As a fiction writer, particularly magic realism, I’m automatically drawn to publications like this due to my interest in exploring the imagination and the power of characters in fiction on real life.

I didn’t know about the full book Dæmon Voices at the time of finding this extract, but now I’m really keen on reading the whole book, which is a collection of essays on storytelling. I’ve never read Philip Pullman, despite owning the boxset of the His Dark Materials trilogy. He is one of those writers (like Terry Pratchett) who I know is brilliant, but I’ve still not got round to reading their work.

So this extract from the book seemed like the ideal introduction to at least a bit of his writing, and how he feels about storytelling.

Being only 32 pages long, I read the whole essay in one sitting.
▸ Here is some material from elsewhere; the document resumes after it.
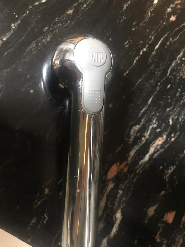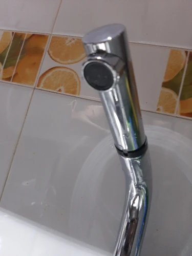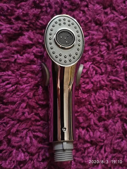 Good quality shower for kitchen faucet, but if you only buy shower, please note that it is combined with your crane. I had to cut a piece of plastic to be inserted into the groove in the original crane, I don’t have that. The shower on the faucet turns off with another click on the next button.

It was written in response to the assertion by Richard Dawkins that ‘fairy tales may have a pernicious effect on children’. This is an interesting statement to begin with, and automatically I began taking myself back to my childhood and how my imagination worked, which is essentially what Pullman does here.

He explores what Dawkins meant by a ‘pernicious effect’, which is that fairy tales would lead children to have a less scientific mind, where they would grow up to believe in made-up notions of fancy, rather than the facts of science. To me, this is a strange area of thought because it sets clear limits to what children are capable of believing.

My childhood was a mixture of fiction and fact, and I remain that way today. I used to read fairy tales, and have them read to me before bedtime. Another night, I’d cuddle up with a book about animal facts, and be blown away by how truly awesome the natural world is, in particular sharks. A few years later, I’d be caught up in The Beano and Garfield the cat. But did I still find the world around me fascinating? Yes. I found a love of outer space, too.

These are the kind of ideas explored by Pullman in this essay, and he draws on his childhood, and puts his points across about how there is no ethical way to know what a child deprived of fairy tales would be like or what they’d believe in. It would mean having a childhood stripped of storytelling altogether. This would never be done, “It would amount to child abuse” states Pullman. And I agree.

This short extract is packed with big ideas, and the exploration is a joy to read. It takes the reader back to their own childhood experiences, and makes us fall in love with storytelling, but also has that quality which gets our brains racing about the world around us, both factual and fictional.

I will be finding a copy of Dæmon Voices and reading it, with the kind of wonder and excitement about storytelling that this extract gave me.

Dæmon Voices was published in hardback in October 2017.